### DATA RECORDS

★ ★ ★

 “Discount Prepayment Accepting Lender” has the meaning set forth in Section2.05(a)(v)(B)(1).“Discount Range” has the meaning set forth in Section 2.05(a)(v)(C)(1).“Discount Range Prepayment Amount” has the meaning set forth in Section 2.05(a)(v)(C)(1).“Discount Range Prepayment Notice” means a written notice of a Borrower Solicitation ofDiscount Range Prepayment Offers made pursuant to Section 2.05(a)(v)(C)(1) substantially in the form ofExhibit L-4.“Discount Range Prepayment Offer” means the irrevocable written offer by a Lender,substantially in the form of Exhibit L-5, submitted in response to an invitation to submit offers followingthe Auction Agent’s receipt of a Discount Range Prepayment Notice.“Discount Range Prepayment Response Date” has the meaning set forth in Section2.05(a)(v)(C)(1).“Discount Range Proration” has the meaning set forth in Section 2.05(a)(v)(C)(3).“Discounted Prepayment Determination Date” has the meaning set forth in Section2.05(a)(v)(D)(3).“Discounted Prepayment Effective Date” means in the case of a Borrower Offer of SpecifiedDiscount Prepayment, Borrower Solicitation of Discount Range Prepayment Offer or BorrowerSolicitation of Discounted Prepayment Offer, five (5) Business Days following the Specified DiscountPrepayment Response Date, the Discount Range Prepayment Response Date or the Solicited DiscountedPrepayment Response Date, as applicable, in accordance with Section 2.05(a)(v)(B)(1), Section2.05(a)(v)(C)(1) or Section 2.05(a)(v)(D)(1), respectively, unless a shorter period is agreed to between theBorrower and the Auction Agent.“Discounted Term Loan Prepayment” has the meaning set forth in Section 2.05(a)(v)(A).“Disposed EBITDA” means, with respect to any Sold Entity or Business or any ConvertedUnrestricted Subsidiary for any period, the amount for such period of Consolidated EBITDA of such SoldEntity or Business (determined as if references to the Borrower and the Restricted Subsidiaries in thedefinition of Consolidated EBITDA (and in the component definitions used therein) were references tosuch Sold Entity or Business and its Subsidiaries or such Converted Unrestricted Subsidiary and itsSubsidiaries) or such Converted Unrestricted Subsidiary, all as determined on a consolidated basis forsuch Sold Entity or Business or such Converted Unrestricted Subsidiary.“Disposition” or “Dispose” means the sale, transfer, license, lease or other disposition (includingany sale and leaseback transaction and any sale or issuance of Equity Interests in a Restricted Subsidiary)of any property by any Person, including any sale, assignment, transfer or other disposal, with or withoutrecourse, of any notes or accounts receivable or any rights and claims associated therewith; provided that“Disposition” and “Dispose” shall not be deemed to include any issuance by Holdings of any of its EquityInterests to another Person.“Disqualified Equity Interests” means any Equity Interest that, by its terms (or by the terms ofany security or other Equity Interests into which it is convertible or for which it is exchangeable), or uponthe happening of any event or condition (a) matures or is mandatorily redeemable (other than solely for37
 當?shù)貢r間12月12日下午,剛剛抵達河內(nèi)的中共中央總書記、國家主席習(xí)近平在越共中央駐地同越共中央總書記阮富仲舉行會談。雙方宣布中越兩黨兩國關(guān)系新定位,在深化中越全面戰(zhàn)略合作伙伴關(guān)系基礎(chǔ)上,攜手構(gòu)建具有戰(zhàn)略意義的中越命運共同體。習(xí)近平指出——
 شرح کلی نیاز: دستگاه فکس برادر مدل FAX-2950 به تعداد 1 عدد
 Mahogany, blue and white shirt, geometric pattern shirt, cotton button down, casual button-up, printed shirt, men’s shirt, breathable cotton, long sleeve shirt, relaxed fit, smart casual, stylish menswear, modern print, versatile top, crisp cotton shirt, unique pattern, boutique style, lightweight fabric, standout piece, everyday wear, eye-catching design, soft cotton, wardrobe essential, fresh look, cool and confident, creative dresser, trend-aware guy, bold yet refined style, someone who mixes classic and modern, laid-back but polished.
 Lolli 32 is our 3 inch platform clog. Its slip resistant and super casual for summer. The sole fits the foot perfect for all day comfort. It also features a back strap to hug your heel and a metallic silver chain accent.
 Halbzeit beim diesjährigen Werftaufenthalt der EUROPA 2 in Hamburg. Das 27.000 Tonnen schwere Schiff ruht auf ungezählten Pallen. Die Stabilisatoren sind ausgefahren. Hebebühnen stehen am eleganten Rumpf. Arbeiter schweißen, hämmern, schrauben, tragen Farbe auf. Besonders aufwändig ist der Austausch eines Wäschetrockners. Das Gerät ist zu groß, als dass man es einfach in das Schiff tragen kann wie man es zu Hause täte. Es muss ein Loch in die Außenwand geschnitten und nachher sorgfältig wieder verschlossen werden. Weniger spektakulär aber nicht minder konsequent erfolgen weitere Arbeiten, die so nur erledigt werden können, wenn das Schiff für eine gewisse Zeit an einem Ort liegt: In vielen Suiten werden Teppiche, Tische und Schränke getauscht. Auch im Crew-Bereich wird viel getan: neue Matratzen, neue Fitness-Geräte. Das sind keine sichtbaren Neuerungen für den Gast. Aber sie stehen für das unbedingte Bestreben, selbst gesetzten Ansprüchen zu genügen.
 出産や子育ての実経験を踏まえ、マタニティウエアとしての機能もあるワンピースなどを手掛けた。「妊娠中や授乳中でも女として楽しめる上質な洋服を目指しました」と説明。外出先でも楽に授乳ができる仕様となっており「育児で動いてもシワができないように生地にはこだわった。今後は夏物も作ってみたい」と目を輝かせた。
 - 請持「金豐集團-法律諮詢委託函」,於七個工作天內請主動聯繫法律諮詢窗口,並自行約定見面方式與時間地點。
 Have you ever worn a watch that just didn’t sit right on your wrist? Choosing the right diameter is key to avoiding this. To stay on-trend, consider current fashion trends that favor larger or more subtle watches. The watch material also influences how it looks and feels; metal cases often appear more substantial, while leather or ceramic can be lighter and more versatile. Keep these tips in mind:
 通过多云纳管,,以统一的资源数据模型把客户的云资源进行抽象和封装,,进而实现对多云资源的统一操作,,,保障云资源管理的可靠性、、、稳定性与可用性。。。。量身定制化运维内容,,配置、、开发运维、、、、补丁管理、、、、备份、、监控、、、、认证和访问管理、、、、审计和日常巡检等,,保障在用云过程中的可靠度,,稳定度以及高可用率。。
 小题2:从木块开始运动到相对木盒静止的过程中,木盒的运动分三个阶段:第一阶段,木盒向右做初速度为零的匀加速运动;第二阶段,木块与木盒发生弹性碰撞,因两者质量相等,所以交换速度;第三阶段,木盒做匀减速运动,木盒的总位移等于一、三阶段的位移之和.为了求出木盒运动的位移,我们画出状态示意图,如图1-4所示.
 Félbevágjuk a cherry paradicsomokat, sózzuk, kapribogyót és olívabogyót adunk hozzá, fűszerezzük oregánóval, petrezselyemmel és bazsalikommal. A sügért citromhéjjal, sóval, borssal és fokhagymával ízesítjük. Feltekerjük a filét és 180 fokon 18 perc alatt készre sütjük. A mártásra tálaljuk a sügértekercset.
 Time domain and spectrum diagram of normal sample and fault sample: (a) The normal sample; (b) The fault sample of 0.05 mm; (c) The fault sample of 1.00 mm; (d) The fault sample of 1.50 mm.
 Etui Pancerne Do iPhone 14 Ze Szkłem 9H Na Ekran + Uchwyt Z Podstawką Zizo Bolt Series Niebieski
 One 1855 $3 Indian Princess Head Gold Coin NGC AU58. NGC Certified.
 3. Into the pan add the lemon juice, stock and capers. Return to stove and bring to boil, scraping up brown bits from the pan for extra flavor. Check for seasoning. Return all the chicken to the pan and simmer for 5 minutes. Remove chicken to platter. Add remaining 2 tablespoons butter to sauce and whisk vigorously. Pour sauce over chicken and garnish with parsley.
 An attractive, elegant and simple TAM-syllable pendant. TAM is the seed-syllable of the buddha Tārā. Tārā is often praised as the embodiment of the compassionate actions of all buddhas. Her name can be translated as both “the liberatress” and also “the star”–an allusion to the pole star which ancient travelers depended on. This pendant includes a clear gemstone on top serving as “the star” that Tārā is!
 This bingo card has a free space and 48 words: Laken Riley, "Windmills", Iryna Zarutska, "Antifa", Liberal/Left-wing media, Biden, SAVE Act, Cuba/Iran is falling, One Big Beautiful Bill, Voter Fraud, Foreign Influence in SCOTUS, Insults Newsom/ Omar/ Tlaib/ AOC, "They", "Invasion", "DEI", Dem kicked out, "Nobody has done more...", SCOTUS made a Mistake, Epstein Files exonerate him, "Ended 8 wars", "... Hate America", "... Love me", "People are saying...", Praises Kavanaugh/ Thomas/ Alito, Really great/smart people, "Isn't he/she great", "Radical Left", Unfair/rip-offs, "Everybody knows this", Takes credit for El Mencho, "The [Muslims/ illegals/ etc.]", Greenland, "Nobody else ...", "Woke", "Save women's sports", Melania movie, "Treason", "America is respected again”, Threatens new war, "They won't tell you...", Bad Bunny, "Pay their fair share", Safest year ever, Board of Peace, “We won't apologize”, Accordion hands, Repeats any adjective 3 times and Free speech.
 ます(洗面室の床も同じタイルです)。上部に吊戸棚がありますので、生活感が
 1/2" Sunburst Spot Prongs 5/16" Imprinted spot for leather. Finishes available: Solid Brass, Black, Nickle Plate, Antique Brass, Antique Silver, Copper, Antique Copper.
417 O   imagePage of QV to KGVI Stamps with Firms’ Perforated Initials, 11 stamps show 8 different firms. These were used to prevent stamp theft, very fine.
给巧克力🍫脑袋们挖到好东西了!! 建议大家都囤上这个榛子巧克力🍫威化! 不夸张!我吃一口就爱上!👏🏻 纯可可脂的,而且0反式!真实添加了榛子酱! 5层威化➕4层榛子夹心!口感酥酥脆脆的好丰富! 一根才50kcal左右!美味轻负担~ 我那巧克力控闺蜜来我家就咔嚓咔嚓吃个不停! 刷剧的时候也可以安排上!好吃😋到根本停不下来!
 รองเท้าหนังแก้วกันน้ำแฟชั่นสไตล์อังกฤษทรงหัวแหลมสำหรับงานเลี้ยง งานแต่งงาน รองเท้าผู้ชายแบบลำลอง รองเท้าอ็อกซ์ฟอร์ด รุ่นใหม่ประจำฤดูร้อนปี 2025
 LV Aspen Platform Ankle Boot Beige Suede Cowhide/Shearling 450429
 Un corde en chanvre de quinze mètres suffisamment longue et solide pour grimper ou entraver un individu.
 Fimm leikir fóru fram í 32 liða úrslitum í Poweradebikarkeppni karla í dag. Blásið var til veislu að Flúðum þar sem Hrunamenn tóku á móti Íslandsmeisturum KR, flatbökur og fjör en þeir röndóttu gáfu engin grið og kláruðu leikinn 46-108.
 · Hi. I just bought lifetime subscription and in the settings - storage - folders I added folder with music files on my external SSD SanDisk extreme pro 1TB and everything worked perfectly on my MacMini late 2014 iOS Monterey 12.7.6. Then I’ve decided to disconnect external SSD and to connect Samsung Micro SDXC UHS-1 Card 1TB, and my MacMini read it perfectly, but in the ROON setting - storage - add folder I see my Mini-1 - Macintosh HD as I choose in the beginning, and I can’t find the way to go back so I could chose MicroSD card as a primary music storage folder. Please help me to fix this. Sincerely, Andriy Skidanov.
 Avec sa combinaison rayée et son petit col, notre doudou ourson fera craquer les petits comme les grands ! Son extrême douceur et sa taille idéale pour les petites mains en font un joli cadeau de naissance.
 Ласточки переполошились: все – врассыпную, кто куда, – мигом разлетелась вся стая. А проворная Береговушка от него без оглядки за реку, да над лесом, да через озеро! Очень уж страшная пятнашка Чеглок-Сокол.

★ ★ ★

Check each line of the listing above for the string "casual", then please give the number of lines where it appears and nothing else.

### EXPECTED ANSWER
2